When your appointment terminates and you leave the university, you may continue your coverage for any of the PSBP medical, dental and/or vision plans in which you and your family members are enrolled by electing COBRA Continuation Coverage. COBRA, the Consolidated Omnibus Budget Reconciliation Act of 1985, offers coverage when you experience a qualifying event and you lose your coverage, such as termination of employment. When you elect COBRA coverage, you will pay for each plan in which you and your family members choose to be enrolled. Please keep in mind that even if your appointment were to terminate at any time during the month, your PSBP coverage continues until the end of the month and your COBRA elected coverage would begin on the first of the month following your termination.

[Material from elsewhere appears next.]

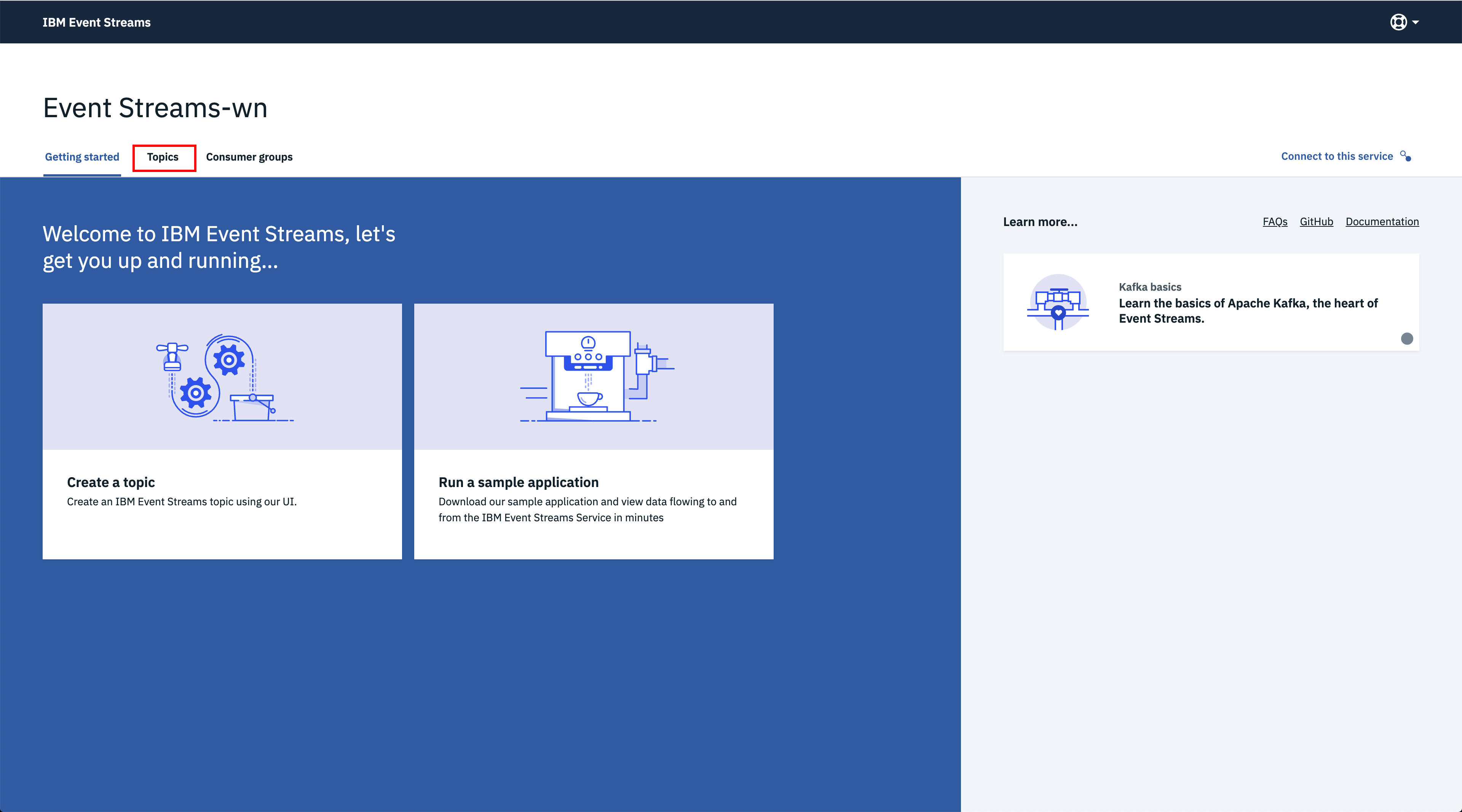 1. Open the IBM Event Streams user interface (go into your IBM Event Streams service within your IBM Cloud portal and click on the launch dashboard button). Once there, click on the Topics tab from the top menu:
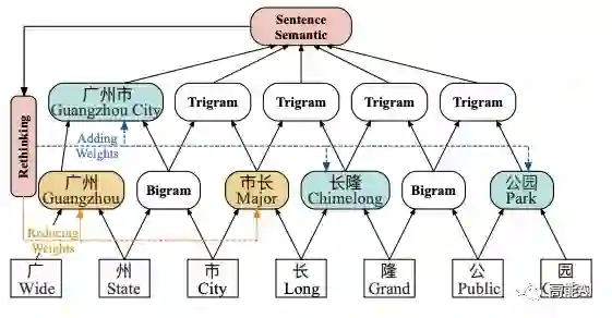 Lexicon-Based CNNs:采取CNN对字符特征进行编码,感受野大小为2提取bi-gram特征,堆叠多层获得multi-gram信息;同时采取注意力机制融入词汇信息;

Electing and Paying for COBRA Continuation Coverage

We receive a file from the UC payroll system that advises us of your termination date. We then send you a COBRA Election Form which displays the plans that are available to you. That notice is sent to your last known address communicated to us through the file.

In order to elect your coverage, you will complete the COBRA Election Notice and the carrier application and send it back to our office within the timeframe noted on the COBRA Election Notice. You will be billed by the insurance carrier for your elected coverage.

If you decide to elect COBRA for you and any of your enrolled dependents, you will be responsible for paying the premiums on a monthly basis to the insurance carriers. To learn how much you will pay during 2016 for any coverage you elect through COBRA, please click on Monthly COBRA Premiums.

COBRA Continuation Rights

The General Notice of COBRA Continuation Coverage Rights contains language that assumes you have already enrolled in the plan, and is included as a section of the enrollment form. Please read the General Notice of COBRA Continuation Coverage Rights, which provides details concerning continuing your coverage. If you are not enrolling in any plans in the PSBP (medical, dental or vision), this document does not pertain to you.

If you have any COBRA questions, please contact Candace Nicholson:

Garnett-Powers & Associates, Inc.
Please call us Monday - Friday, 8 am - 5 pm
Toll free at 1-800-261-7109

We thank you for the opportunity to be of service to you and your family.

The enrollment form and many of the informational links from this site require Adobe Acrobat Reader. If you need to download the latest version, click the icon above. Acrobat Reader is free.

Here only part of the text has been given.